• **RECORDS SUPPLIED**

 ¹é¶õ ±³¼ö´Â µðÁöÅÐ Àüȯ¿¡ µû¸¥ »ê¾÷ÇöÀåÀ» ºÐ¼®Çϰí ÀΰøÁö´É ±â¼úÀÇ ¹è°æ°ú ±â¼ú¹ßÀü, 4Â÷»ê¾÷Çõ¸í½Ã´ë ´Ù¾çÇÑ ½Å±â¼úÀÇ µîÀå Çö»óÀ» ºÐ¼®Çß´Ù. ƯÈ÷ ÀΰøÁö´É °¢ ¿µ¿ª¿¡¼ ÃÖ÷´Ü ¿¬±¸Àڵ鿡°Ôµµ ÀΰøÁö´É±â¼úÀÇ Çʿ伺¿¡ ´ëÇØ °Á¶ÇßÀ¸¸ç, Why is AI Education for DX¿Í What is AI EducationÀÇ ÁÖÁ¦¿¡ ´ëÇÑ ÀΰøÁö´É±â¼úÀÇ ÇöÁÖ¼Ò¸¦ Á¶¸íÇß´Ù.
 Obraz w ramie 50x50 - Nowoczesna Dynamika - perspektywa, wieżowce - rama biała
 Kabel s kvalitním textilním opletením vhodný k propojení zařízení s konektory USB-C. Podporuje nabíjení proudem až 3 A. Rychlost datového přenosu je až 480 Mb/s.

---

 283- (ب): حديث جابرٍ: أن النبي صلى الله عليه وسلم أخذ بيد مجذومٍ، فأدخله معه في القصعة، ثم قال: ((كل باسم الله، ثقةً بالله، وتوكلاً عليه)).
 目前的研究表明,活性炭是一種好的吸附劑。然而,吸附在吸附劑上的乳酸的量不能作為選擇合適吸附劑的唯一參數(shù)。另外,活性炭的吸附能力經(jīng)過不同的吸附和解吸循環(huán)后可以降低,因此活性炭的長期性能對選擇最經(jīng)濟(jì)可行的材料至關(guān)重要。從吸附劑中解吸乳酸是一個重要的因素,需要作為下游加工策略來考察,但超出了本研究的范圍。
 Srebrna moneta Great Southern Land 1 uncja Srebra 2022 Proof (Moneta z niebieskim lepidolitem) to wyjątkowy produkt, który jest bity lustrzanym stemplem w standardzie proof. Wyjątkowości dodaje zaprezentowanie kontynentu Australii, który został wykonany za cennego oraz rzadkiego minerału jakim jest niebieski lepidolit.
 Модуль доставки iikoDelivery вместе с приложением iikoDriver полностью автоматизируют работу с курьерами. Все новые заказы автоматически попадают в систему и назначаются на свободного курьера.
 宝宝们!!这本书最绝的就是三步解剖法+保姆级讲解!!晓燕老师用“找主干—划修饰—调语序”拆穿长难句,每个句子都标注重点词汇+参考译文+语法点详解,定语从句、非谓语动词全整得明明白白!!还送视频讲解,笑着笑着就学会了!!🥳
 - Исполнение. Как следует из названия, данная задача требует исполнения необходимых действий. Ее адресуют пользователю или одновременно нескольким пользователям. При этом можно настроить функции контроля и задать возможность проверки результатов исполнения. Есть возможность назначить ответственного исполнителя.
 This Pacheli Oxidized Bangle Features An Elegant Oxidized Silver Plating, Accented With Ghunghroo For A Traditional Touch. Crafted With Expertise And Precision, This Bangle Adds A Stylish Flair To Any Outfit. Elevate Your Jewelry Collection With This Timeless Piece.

...

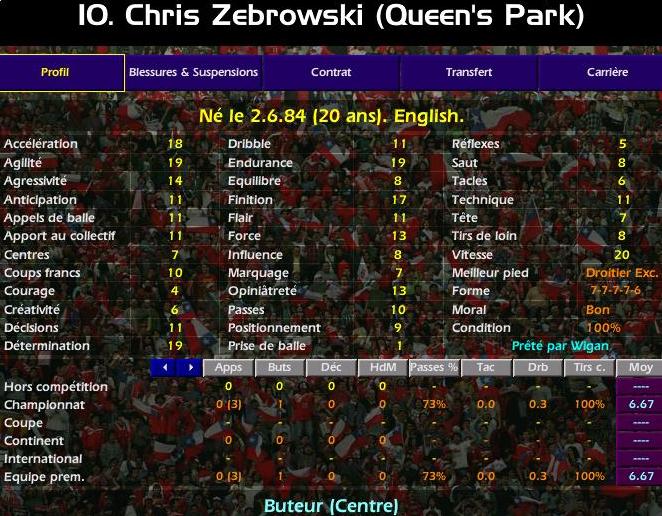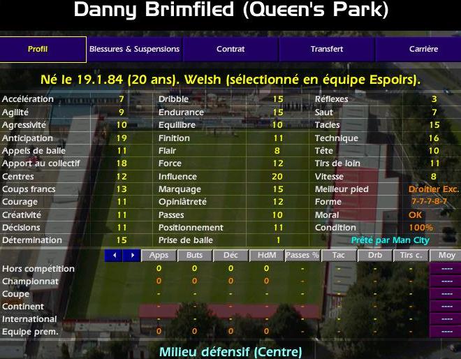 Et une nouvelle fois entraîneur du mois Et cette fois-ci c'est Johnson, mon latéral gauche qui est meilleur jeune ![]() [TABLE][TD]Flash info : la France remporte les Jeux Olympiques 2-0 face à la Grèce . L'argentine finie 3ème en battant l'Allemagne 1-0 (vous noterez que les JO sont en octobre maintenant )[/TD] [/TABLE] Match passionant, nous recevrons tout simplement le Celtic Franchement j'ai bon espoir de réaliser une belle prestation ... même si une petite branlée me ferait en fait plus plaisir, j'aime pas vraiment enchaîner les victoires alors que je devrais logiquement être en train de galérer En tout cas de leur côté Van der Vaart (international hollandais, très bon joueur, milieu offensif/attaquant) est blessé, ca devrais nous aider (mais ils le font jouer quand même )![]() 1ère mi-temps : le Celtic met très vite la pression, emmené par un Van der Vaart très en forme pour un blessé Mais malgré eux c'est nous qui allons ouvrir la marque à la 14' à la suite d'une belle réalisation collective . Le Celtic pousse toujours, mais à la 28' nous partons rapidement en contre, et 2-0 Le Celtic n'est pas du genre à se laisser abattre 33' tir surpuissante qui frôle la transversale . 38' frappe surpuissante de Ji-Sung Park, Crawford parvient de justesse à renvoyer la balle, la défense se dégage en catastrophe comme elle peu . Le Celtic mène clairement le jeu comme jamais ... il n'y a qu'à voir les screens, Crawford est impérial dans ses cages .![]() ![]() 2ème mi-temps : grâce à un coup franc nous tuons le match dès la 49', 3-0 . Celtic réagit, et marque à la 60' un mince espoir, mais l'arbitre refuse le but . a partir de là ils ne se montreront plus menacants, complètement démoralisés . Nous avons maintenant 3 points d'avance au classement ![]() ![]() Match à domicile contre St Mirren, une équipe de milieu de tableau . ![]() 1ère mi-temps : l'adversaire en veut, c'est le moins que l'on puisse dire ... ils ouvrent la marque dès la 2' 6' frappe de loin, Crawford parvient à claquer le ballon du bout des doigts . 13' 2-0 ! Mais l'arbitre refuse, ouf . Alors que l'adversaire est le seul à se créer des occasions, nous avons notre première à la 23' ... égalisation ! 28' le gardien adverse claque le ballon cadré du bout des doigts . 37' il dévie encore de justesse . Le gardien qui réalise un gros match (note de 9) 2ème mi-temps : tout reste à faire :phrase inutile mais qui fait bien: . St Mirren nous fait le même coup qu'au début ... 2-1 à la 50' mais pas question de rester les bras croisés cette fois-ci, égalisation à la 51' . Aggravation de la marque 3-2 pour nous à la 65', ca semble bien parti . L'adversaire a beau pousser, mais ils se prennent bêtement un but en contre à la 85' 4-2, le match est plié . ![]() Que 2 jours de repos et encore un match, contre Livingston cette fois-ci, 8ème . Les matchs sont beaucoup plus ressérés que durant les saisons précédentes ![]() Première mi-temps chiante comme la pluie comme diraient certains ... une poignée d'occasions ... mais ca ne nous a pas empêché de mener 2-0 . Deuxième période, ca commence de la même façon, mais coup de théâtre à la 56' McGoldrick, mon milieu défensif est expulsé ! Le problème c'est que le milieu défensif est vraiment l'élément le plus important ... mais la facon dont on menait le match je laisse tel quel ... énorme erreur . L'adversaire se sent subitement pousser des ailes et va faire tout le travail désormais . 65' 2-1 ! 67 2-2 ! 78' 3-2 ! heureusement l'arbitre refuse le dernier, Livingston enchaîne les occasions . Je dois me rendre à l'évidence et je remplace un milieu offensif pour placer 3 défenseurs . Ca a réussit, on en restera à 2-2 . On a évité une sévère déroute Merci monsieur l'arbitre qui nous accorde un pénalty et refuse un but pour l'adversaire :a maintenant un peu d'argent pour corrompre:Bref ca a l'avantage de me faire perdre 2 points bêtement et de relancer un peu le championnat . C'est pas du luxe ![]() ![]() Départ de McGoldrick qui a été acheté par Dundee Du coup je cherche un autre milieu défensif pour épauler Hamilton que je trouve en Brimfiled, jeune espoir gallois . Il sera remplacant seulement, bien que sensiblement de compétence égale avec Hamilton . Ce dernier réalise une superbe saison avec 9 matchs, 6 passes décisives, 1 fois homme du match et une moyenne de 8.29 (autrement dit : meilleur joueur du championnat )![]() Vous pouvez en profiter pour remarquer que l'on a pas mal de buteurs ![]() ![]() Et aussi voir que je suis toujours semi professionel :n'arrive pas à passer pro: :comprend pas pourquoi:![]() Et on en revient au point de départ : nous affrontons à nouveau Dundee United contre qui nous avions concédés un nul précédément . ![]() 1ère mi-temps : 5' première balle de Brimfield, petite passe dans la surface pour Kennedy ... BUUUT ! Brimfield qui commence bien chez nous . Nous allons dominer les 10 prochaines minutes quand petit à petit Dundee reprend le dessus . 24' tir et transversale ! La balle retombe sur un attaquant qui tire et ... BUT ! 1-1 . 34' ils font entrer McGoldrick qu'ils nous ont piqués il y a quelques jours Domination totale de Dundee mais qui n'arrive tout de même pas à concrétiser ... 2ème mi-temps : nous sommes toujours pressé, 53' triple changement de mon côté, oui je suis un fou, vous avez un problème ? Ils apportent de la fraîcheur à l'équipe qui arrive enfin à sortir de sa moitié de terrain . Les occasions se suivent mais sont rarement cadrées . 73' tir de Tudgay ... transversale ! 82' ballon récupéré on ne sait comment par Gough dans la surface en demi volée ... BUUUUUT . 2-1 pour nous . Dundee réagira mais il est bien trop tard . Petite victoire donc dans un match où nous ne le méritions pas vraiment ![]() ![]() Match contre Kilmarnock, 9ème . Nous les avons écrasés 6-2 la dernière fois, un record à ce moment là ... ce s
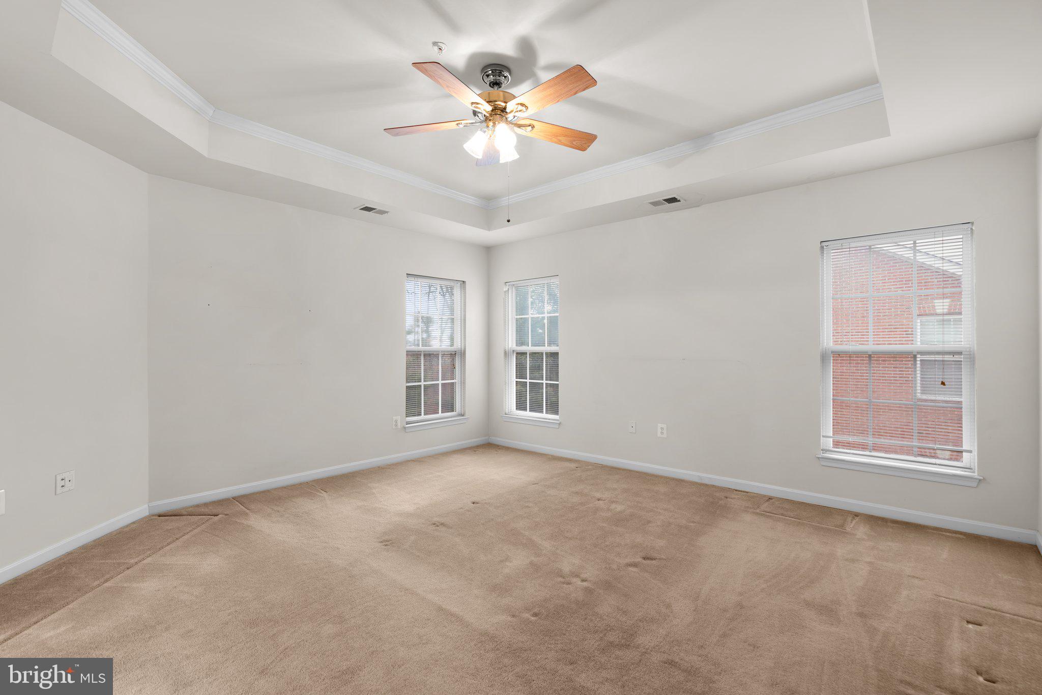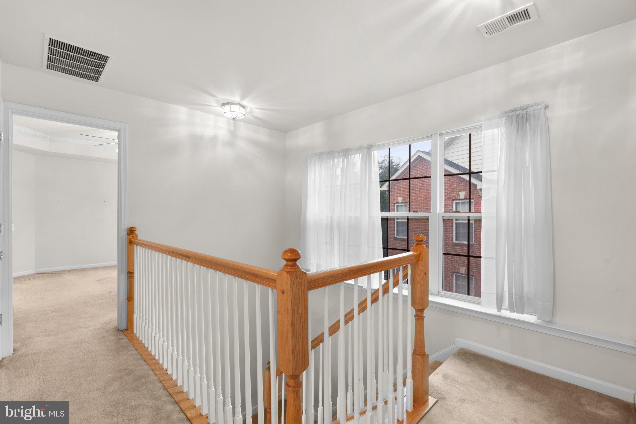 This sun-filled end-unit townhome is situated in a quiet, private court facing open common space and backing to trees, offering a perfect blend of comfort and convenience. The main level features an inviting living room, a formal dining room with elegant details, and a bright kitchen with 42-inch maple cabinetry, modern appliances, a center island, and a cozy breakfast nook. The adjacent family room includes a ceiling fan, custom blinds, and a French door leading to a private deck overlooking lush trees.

• **THE TASK**
From the entries above, give again exactly the lines running from the line with "宝宝们!!这本书最绝的就是三" to the line with "- Исполнение. Как"; include both of those lines.

• **COMPLETED TASK**
 宝宝们!!这本书最绝的就是三步解剖法+保姆级讲解!!晓燕老师用“找主干—划修饰—调语序”拆穿长难句,每个句子都标注重点词汇+参考译文+语法点详解,定语从句、非谓语动词全整得明明白白!!还送视频讲解,笑着笑着就学会了!!🥳
 - Исполнение. Как следует из названия, данная задача требует исполнения необходимых действий. Ее адресуют пользователю или одновременно нескольким пользователям. При этом можно настроить функции контроля и задать возможность проверки результатов исполнения. Есть возможность назначить ответственного исполнителя.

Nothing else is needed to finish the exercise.